## [WORK TO BE COMPLETED]
Please, without the pictures, restate every entry exactly.

*** Opening of DATA FOR THIS TASK ***

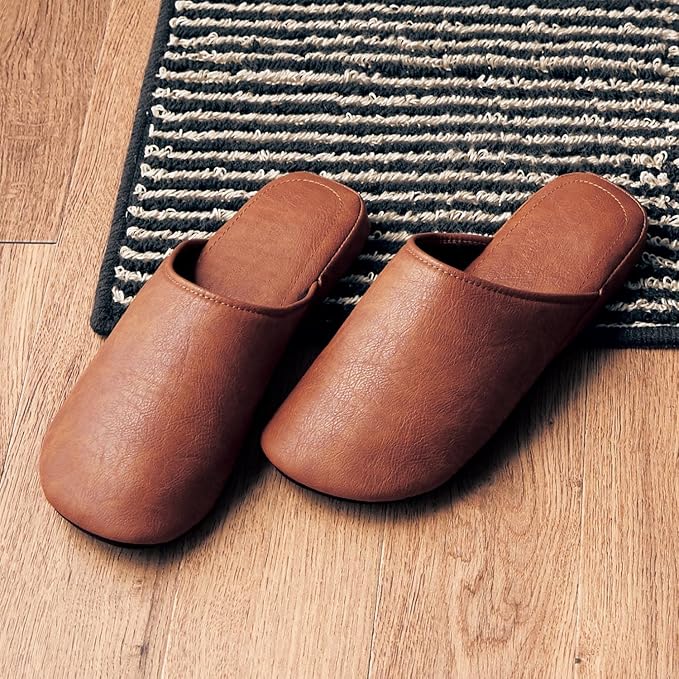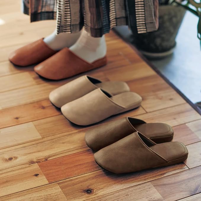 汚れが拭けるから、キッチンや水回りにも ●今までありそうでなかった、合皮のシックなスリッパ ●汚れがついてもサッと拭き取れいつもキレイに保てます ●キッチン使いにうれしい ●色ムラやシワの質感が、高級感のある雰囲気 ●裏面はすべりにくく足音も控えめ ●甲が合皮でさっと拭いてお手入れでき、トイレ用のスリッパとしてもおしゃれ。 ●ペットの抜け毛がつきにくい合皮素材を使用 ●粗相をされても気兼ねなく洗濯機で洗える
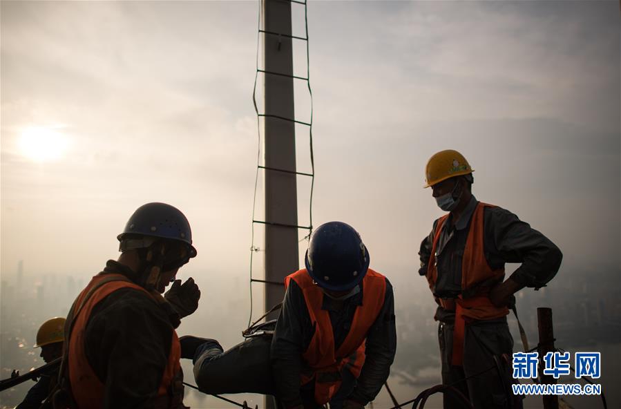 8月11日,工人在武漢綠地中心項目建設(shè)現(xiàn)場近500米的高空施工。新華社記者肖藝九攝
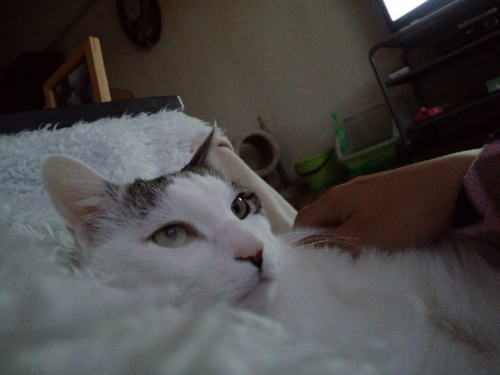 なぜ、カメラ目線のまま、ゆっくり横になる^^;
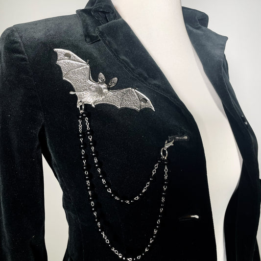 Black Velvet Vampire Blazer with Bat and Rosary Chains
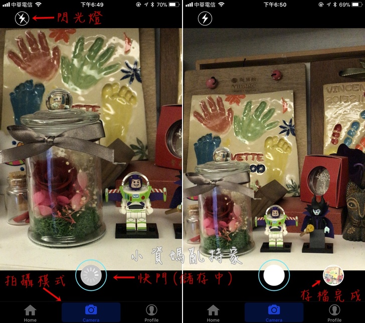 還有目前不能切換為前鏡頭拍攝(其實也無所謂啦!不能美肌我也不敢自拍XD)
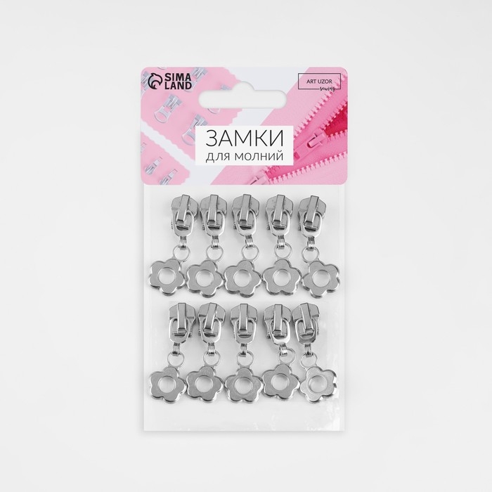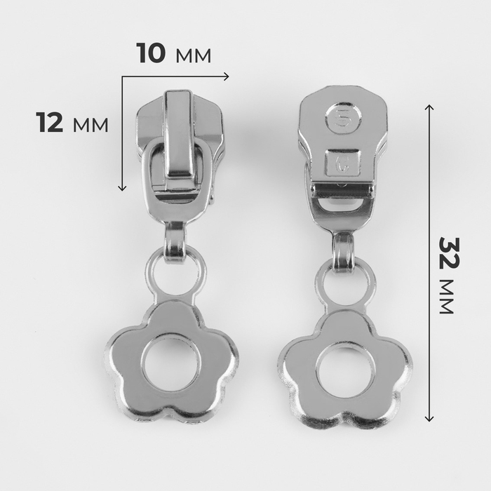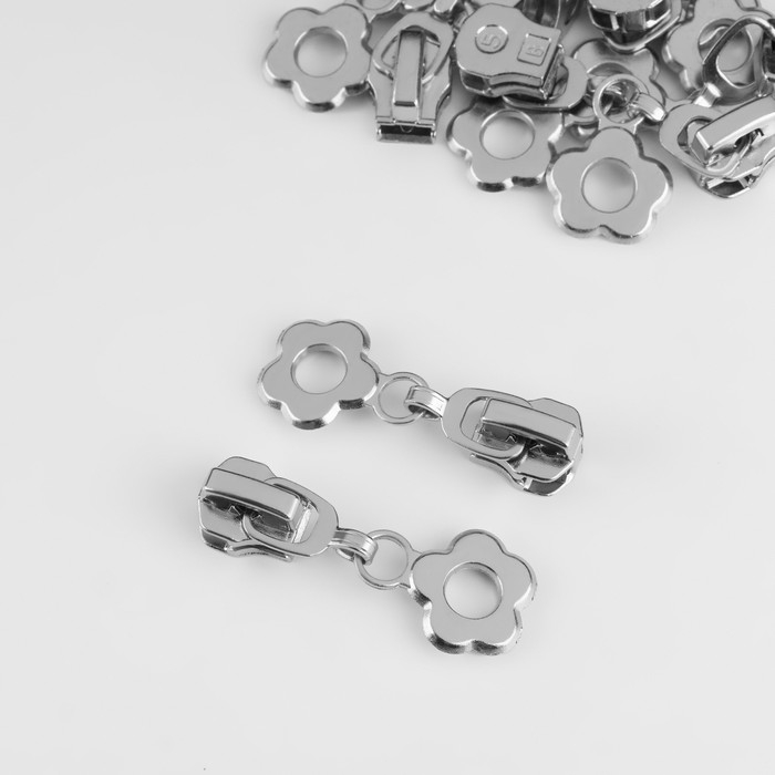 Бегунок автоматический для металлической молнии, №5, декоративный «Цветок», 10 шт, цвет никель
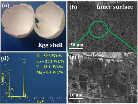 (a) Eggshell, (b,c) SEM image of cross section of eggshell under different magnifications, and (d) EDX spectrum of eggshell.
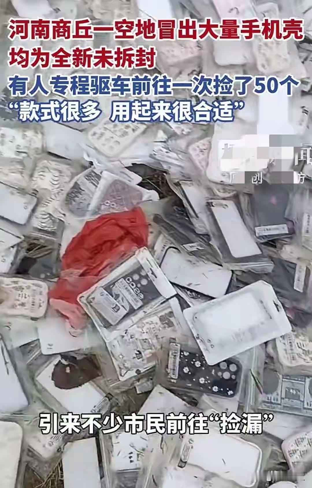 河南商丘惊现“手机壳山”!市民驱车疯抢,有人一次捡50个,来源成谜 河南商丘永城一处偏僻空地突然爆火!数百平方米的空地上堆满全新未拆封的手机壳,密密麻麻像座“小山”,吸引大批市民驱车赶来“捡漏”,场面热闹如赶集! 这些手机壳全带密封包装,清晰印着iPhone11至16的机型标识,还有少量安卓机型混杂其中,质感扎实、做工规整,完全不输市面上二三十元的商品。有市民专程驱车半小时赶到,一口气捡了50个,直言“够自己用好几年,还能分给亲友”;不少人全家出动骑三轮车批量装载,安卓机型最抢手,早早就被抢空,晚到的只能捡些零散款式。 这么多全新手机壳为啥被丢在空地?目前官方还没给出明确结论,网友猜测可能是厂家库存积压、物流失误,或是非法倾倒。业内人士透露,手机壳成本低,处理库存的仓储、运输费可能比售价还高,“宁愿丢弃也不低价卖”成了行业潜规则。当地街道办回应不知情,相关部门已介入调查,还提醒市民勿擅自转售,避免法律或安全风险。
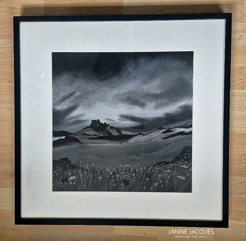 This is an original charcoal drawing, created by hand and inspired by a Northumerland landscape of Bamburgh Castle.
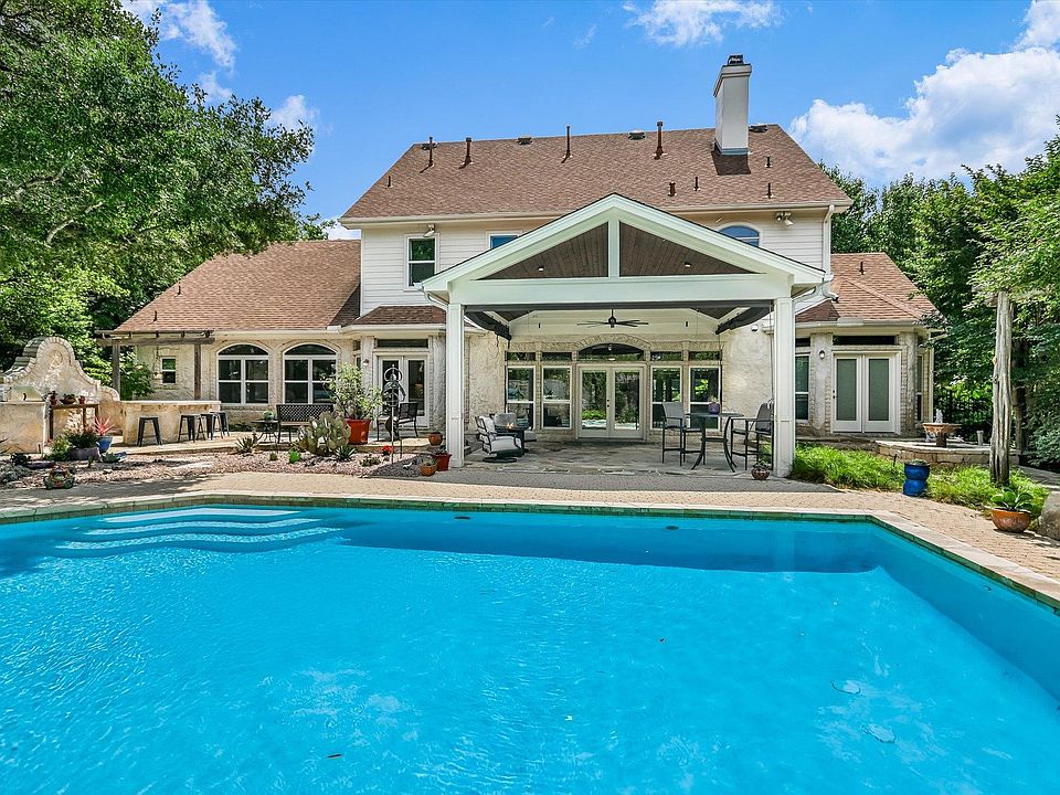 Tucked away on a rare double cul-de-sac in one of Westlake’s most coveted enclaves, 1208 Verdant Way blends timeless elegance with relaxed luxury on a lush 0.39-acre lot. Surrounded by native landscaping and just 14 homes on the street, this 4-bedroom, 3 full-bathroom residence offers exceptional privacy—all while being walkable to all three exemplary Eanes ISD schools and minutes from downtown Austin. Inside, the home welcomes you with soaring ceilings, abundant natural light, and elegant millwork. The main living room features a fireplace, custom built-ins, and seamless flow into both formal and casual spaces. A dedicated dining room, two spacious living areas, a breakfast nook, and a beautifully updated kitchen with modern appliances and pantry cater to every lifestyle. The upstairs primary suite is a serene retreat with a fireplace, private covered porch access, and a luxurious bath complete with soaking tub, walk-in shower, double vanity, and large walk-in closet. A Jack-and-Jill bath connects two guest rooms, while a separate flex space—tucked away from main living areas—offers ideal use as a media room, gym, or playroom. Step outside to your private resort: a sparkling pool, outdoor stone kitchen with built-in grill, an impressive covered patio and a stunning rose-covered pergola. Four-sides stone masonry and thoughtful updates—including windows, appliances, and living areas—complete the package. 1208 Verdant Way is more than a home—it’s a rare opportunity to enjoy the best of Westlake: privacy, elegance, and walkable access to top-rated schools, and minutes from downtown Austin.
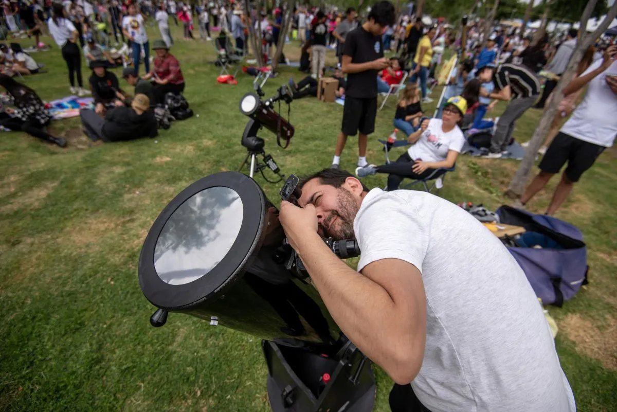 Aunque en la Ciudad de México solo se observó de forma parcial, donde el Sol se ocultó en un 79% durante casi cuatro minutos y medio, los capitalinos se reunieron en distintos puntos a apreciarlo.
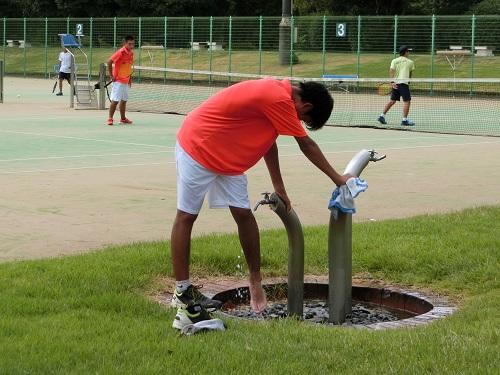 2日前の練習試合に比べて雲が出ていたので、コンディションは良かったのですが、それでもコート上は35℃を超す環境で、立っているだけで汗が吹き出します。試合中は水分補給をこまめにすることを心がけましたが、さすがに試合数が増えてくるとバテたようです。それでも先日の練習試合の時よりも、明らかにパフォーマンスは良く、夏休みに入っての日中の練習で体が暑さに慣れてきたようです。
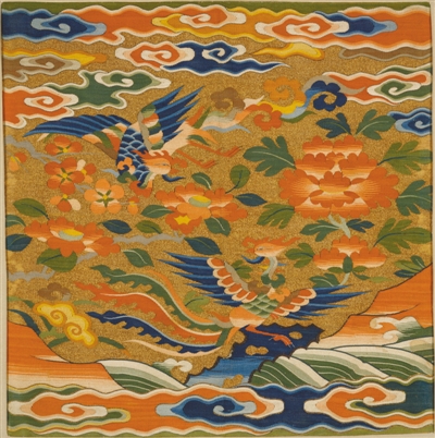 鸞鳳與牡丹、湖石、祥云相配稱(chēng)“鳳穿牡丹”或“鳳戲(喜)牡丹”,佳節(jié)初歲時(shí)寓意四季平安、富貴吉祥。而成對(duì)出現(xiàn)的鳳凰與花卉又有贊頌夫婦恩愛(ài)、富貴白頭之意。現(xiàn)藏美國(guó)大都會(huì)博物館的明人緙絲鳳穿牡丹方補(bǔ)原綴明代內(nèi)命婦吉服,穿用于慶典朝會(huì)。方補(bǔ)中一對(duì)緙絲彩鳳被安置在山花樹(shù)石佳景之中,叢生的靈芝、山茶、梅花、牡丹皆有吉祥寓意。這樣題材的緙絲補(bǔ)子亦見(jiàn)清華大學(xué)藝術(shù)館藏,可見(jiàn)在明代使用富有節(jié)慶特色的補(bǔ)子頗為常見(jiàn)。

*** Close of DATA FOR THIS TASK ***

## [OUTPUT OF THE EXERCISE]
 汚れが拭けるから、キッチンや水回りにも ●今までありそうでなかった、合皮のシックなスリッパ ●汚れがついてもサッと拭き取れいつもキレイに保てます ●キッチン使いにうれしい ●色ムラやシワの質感が、高級感のある雰囲気 ●裏面はすべりにくく足音も控えめ ●甲が合皮でさっと拭いてお手入れでき、トイレ用のスリッパとしてもおしゃれ。 ●ペットの抜け毛がつきにくい合皮素材を使用 ●粗相をされても気兼ねなく洗濯機で洗える
 8月11日,工人在武漢綠地中心項目建設(shè)現(xiàn)場近500米的高空施工。新華社記者肖藝九攝
 なぜ、カメラ目線のまま、ゆっくり横になる^^;
 Black Velvet Vampire Blazer with Bat and Rosary Chains
 還有目前不能切換為前鏡頭拍攝(其實也無所謂啦!不能美肌我也不敢自拍XD)
 Бегунок автоматический для металлической молнии, №5, декоративный «Цветок», 10 шт, цвет никель
 (a) Eggshell, (b,c) SEM image of cross section of eggshell under different magnifications, and (d) EDX spectrum of eggshell.
 河南商丘惊现“手机壳山”!市民驱车疯抢,有人一次捡50个,来源成谜 河南商丘永城一处偏僻空地突然爆火!数百平方米的空地上堆满全新未拆封的手机壳,密密麻麻像座“小山”,吸引大批市民驱车赶来“捡漏”,场面热闹如赶集! 这些手机壳全带密封包装,清晰印着iPhone11至16的机型标识,还有少量安卓机型混杂其中,质感扎实、做工规整,完全不输市面上二三十元的商品。有市民专程驱车半小时赶到,一口气捡了50个,直言“够自己用好几年,还能分给亲友”;不少人全家出动骑三轮车批量装载,安卓机型最抢手,早早就被抢空,晚到的只能捡些零散款式。 这么多全新手机壳为啥被丢在空地?目前官方还没给出明确结论,网友猜测可能是厂家库存积压、物流失误,或是非法倾倒。业内人士透露,手机壳成本低,处理库存的仓储、运输费可能比售价还高,“宁愿丢弃也不低价卖”成了行业潜规则。当地街道办回应不知情,相关部门已介入调查,还提醒市民勿擅自转售,避免法律或安全风险。
 This is an original charcoal drawing, created by hand and inspired by a Northumerland landscape of Bamburgh Castle.
 Tucked away on a rare double cul-de-sac in one of Westlake’s most coveted enclaves, 1208 Verdant Way blends timeless elegance with relaxed luxury on a lush 0.39-acre lot. Surrounded by native landscaping and just 14 homes on the street, this 4-bedroom, 3 full-bathroom residence offers exceptional privacy—all while being walkable to all three exemplary Eanes ISD schools and minutes from downtown Austin. Inside, the home welcomes you with soaring ceilings, abundant natural light, and elegant millwork. The main living room features a fireplace, custom built-ins, and seamless flow into both formal and casual spaces. A dedicated dining room, two spacious living areas, a breakfast nook, and a beautifully updated kitchen with modern appliances and pantry cater to every lifestyle. The upstairs primary suite is a serene retreat with a fireplace, private covered porch access, and a luxurious bath complete with soaking tub, walk-in shower, double vanity, and large walk-in closet. A Jack-and-Jill bath connects two guest rooms, while a separate flex space—tucked away from main living areas—offers ideal use as a media room, gym, or playroom. Step outside to your private resort: a sparkling pool, outdoor stone kitchen with built-in grill, an impressive covered patio and a stunning rose-covered pergola. Four-sides stone masonry and thoughtful updates—including windows, appliances, and living areas—complete the package. 1208 Verdant Way is more than a home—it’s a rare opportunity to enjoy the best of Westlake: privacy, elegance, and walkable access to top-rated schools, and minutes from downtown Austin.
 Aunque en la Ciudad de México solo se observó de forma parcial, donde el Sol se ocultó en un 79% durante casi cuatro minutos y medio, los capitalinos se reunieron en distintos puntos a apreciarlo.
 2日前の練習試合に比べて雲が出ていたので、コンディションは良かったのですが、それでもコート上は35℃を超す環境で、立っているだけで汗が吹き出します。試合中は水分補給をこまめにすることを心がけましたが、さすがに試合数が増えてくるとバテたようです。それでも先日の練習試合の時よりも、明らかにパフォーマンスは良く、夏休みに入っての日中の練習で体が暑さに慣れてきたようです。
 鸞鳳與牡丹、湖石、祥云相配稱(chēng)“鳳穿牡丹”或“鳳戲(喜)牡丹”,佳節(jié)初歲時(shí)寓意四季平安、富貴吉祥。而成對(duì)出現(xiàn)的鳳凰與花卉又有贊頌夫婦恩愛(ài)、富貴白頭之意。現(xiàn)藏美國(guó)大都會(huì)博物館的明人緙絲鳳穿牡丹方補(bǔ)原綴明代內(nèi)命婦吉服,穿用于慶典朝會(huì)。方補(bǔ)中一對(duì)緙絲彩鳳被安置在山花樹(shù)石佳景之中,叢生的靈芝、山茶、梅花、牡丹皆有吉祥寓意。這樣題材的緙絲補(bǔ)子亦見(jiàn)清華大學(xué)藝術(shù)館藏,可見(jiàn)在明代使用富有節(jié)慶特色的補(bǔ)子頗為常見(jiàn)。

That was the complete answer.